**WHAT YOU ARE ASKED TO DO**
Some lines in the records below may hold the word "kitchen"; give the number of those lines and nothing else.

[Entries taken from a collection]

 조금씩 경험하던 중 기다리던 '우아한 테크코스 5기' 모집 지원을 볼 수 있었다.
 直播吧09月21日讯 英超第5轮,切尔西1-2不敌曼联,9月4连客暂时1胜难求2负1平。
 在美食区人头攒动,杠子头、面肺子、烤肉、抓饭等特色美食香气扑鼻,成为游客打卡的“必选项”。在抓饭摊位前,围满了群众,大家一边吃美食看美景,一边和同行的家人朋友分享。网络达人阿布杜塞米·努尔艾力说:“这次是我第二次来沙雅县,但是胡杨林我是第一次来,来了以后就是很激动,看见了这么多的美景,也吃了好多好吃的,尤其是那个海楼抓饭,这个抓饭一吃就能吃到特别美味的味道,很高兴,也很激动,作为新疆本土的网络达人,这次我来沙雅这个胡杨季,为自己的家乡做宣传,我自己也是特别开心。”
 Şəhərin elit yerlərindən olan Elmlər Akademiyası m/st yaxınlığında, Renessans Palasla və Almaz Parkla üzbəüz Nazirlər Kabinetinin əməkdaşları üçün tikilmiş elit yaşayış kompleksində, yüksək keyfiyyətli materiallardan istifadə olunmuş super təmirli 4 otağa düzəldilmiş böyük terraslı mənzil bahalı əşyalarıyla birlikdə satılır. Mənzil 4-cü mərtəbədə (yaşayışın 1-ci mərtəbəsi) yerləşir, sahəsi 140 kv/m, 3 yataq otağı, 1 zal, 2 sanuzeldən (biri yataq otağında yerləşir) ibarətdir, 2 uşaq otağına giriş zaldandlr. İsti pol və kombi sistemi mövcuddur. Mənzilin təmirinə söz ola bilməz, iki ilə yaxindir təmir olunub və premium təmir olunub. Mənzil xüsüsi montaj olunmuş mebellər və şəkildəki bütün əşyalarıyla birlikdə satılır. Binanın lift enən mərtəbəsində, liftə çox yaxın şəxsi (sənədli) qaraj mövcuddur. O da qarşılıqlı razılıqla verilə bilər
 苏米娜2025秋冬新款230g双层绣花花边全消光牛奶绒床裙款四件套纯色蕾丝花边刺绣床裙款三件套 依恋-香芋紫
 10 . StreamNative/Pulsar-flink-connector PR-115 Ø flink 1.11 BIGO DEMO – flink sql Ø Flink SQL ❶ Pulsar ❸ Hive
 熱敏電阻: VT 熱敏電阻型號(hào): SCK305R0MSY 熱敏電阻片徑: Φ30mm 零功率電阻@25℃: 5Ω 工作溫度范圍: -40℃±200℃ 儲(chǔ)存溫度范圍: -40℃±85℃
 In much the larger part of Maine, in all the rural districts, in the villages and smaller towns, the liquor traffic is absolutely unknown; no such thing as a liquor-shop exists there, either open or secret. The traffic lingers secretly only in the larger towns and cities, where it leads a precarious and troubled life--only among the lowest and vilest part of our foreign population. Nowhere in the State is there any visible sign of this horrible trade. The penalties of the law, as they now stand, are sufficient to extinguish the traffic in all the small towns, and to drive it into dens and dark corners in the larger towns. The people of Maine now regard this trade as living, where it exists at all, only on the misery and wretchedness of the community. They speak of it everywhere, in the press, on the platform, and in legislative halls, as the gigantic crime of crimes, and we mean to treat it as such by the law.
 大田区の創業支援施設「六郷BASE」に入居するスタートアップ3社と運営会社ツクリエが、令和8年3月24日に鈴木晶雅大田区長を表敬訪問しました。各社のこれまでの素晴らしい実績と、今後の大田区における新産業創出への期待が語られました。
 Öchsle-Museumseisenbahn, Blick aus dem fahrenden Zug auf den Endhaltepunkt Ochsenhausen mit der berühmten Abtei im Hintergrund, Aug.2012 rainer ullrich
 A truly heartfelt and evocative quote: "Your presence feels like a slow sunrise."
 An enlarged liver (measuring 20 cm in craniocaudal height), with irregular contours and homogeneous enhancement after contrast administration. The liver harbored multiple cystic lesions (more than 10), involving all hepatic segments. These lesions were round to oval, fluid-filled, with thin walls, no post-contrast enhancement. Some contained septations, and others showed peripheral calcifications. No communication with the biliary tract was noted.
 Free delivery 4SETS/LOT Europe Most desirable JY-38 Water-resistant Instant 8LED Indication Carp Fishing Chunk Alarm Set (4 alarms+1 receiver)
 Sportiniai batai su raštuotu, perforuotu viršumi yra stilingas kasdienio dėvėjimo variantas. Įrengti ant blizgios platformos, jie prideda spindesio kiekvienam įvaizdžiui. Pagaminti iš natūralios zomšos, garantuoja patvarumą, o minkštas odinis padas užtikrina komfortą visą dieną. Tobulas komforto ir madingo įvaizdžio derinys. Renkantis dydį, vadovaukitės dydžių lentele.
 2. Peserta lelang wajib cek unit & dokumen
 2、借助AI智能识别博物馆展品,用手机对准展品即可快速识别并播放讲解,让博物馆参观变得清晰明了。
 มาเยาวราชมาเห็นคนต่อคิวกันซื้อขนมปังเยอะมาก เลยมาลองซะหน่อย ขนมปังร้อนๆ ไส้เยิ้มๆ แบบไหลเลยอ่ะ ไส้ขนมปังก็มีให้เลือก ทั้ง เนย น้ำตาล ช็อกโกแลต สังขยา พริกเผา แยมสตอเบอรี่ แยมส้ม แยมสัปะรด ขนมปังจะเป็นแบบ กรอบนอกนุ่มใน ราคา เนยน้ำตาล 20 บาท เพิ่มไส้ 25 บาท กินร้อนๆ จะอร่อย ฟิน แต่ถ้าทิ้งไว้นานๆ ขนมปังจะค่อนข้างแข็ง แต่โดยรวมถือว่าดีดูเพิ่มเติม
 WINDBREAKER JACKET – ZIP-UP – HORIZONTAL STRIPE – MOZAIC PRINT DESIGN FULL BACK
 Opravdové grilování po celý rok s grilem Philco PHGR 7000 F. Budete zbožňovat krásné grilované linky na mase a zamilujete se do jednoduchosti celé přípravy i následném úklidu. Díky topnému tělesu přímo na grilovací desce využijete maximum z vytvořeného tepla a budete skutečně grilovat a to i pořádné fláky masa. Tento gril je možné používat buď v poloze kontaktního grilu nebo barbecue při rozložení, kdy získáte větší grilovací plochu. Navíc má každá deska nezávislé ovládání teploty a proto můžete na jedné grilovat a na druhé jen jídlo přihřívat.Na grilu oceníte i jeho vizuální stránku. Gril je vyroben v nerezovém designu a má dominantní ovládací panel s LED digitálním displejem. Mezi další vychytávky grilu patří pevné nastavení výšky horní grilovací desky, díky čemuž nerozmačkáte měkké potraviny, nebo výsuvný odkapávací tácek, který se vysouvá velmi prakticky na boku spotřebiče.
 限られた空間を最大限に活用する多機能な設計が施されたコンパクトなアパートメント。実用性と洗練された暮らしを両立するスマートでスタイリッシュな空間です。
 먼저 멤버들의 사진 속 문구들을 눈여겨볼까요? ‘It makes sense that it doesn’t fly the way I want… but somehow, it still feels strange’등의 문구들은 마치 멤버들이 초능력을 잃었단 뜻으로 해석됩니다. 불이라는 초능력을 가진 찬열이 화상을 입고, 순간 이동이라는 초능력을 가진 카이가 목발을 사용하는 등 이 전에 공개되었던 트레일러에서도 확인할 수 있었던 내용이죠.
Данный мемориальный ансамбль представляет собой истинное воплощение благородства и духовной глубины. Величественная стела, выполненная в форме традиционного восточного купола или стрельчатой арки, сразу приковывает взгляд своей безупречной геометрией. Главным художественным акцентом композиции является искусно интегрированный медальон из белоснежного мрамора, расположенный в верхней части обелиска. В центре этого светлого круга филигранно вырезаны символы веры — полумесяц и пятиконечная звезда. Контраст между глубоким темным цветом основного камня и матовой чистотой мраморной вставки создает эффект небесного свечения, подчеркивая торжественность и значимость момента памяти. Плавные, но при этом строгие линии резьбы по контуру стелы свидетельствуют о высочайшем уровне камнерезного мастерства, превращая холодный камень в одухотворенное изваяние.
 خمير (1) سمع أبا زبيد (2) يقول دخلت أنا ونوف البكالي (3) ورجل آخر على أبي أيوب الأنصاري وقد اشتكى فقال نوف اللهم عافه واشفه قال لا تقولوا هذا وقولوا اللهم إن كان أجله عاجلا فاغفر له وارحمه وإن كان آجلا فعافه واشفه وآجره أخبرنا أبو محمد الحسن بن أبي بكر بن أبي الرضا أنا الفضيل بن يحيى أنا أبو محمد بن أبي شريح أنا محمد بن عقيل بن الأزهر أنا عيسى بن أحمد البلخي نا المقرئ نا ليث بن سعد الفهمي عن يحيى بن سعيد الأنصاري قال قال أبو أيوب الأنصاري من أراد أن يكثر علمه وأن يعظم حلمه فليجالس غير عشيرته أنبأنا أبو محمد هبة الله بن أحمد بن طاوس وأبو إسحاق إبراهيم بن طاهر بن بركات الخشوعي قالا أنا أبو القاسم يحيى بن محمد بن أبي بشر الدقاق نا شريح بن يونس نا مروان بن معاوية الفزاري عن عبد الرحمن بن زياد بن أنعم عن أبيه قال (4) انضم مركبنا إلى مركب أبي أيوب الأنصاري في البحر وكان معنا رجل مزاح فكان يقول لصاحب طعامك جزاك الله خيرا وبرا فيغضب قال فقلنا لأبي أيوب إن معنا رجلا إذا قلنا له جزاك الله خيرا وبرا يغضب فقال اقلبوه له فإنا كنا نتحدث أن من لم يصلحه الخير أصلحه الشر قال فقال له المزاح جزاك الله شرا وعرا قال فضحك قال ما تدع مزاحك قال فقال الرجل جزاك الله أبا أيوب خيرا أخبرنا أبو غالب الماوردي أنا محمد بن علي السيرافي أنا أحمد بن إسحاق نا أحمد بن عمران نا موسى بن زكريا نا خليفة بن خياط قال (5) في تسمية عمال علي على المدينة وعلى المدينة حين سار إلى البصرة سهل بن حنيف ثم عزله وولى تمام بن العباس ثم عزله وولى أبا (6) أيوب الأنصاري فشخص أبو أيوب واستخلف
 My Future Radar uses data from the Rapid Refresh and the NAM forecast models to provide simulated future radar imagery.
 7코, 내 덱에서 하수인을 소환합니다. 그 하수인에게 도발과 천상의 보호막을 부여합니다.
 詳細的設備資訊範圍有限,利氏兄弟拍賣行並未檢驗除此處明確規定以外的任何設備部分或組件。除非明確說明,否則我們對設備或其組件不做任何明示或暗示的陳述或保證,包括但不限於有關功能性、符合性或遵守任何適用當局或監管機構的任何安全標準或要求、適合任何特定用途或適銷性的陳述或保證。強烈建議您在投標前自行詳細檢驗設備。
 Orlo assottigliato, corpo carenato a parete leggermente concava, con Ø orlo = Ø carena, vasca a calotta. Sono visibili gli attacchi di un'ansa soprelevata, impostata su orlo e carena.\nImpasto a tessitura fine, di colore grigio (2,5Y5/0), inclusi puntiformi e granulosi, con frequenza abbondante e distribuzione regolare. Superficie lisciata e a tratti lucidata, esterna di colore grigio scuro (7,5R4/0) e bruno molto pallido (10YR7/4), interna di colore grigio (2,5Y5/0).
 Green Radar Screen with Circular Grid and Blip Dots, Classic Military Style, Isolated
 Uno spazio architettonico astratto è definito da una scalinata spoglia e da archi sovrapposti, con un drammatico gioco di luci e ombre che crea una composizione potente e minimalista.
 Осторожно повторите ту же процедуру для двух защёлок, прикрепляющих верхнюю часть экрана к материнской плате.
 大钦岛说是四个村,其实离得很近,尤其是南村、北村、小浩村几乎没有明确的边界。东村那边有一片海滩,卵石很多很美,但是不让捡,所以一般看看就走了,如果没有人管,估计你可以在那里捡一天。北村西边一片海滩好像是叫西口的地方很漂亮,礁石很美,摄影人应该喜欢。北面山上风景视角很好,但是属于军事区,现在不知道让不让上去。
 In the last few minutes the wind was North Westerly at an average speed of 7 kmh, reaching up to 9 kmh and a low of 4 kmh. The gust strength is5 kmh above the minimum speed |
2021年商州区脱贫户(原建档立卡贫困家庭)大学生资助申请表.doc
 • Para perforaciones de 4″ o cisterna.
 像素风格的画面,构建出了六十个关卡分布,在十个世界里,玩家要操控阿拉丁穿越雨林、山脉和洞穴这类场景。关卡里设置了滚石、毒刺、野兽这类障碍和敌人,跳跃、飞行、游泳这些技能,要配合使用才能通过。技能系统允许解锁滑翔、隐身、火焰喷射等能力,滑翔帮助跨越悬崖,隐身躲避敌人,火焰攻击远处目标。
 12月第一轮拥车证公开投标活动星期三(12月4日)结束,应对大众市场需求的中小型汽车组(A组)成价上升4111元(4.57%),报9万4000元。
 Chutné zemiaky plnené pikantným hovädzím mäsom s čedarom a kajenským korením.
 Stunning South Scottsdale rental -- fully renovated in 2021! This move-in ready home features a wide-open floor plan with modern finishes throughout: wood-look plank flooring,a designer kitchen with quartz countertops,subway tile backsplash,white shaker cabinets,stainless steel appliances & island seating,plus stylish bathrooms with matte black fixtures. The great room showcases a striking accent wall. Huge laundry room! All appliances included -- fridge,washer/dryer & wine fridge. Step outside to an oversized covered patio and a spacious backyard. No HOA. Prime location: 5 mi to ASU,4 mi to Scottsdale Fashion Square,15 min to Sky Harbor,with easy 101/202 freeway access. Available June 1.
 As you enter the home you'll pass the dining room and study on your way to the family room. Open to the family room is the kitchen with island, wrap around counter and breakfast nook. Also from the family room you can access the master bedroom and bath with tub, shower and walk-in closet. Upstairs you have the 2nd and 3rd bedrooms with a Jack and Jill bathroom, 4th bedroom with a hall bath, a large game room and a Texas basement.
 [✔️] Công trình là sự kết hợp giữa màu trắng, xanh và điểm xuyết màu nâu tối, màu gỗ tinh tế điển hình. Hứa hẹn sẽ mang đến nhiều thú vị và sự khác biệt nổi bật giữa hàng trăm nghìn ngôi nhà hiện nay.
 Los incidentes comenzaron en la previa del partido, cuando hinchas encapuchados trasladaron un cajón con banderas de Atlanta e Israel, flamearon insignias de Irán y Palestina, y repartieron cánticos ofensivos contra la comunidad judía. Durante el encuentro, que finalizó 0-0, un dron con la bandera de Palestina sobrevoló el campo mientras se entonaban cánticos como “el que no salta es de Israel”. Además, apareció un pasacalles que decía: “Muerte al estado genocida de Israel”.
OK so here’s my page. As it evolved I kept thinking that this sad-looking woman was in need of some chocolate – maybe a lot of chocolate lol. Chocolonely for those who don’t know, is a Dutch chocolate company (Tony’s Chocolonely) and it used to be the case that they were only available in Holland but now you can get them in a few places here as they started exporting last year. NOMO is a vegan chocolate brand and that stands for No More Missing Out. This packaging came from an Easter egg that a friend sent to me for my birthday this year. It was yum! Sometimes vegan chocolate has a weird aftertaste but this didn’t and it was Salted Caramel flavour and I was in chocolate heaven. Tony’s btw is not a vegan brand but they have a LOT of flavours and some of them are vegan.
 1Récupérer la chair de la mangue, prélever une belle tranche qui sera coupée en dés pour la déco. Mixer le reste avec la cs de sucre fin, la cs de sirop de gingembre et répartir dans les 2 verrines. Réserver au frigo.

**ANSWER TO THE EXERCISE**
2